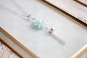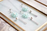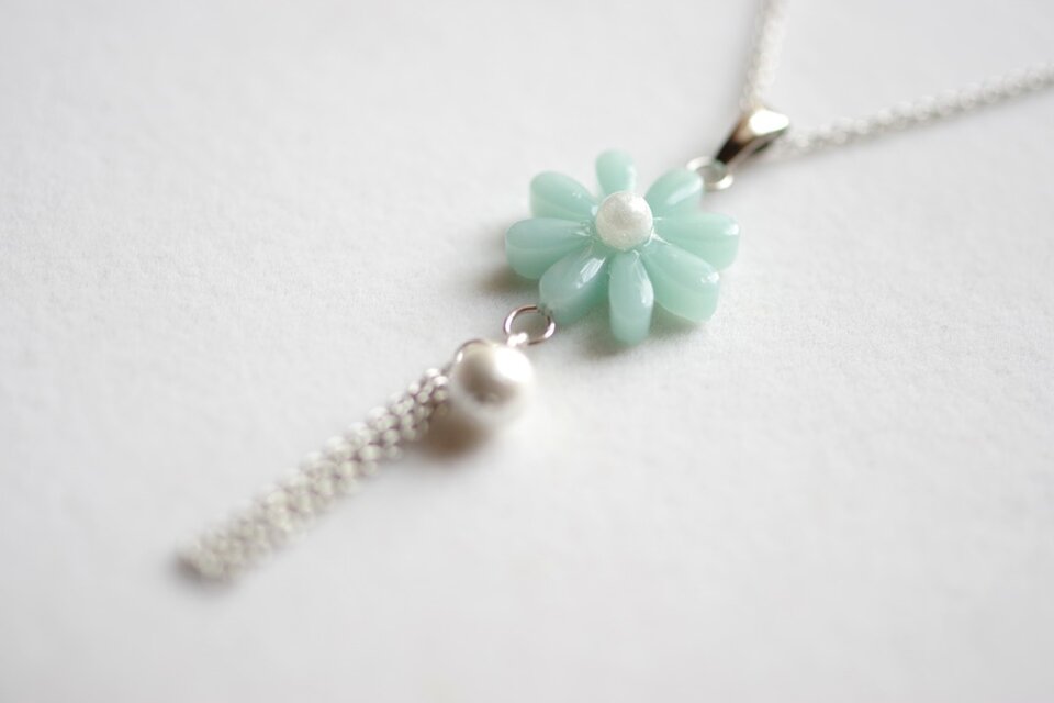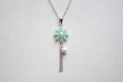 緑味を帯びた優しく淡い水色のお花に、コットンパール一粒とフリンジを添えました。
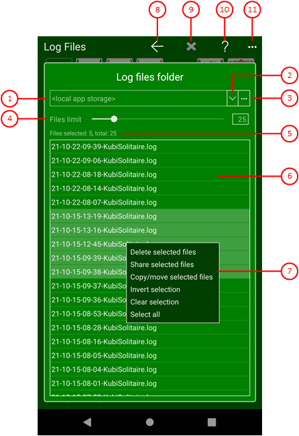 By using this slider, you can set the upper limit for game files in the local app storage between 10 and 100. Default value is 25. If the upper limit is reached, each new log file created causes the deletion of the oldest file in it. Please note, that the age of the file is determined by the game start date not by the file modification date. The game start date is used as prefix of each file name.
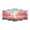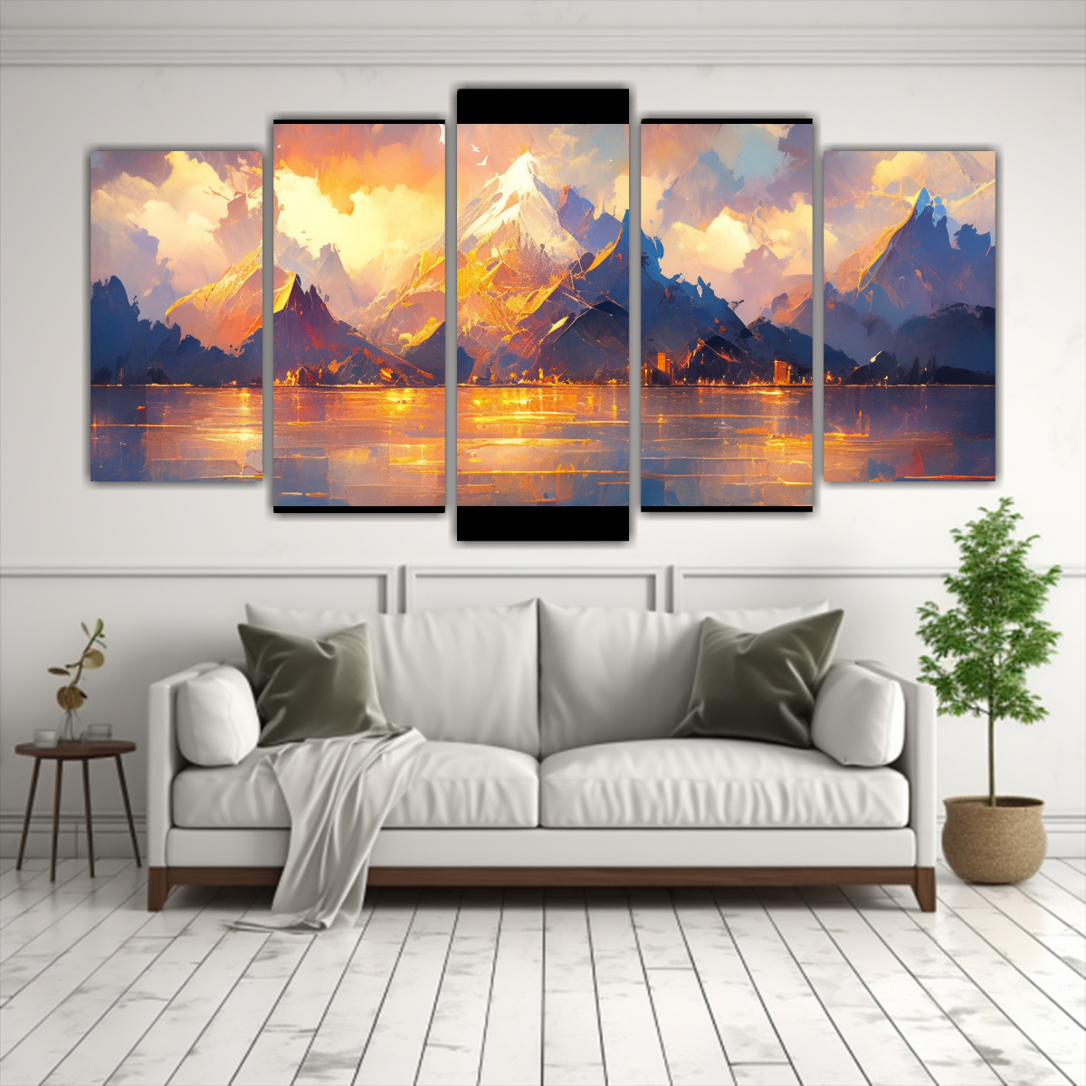 Conjunto 5 Cuadros Montaña Famosa En Mar Y Cielo Azul Y Dorado

+===+

§ **GOAL OF THE EXERCISE**:
Exclude the pictures, and transcribe all of the material exactly.

§ **SOLUTION FOR THIS TASK**:
 緑味を帯びた優しく淡い水色のお花に、コットンパール一粒とフリンジを添えました。
 By using this slider, you can set the upper limit for game files in the local app storage between 10 and 100. Default value is 25. If the upper limit is reached, each new log file created causes the deletion of the oldest file in it. Please note, that the age of the file is determined by the game start date not by the file modification date. The game start date is used as prefix of each file name.
 Conjunto 5 Cuadros Montaña Famosa En Mar Y Cielo Azul Y Dorado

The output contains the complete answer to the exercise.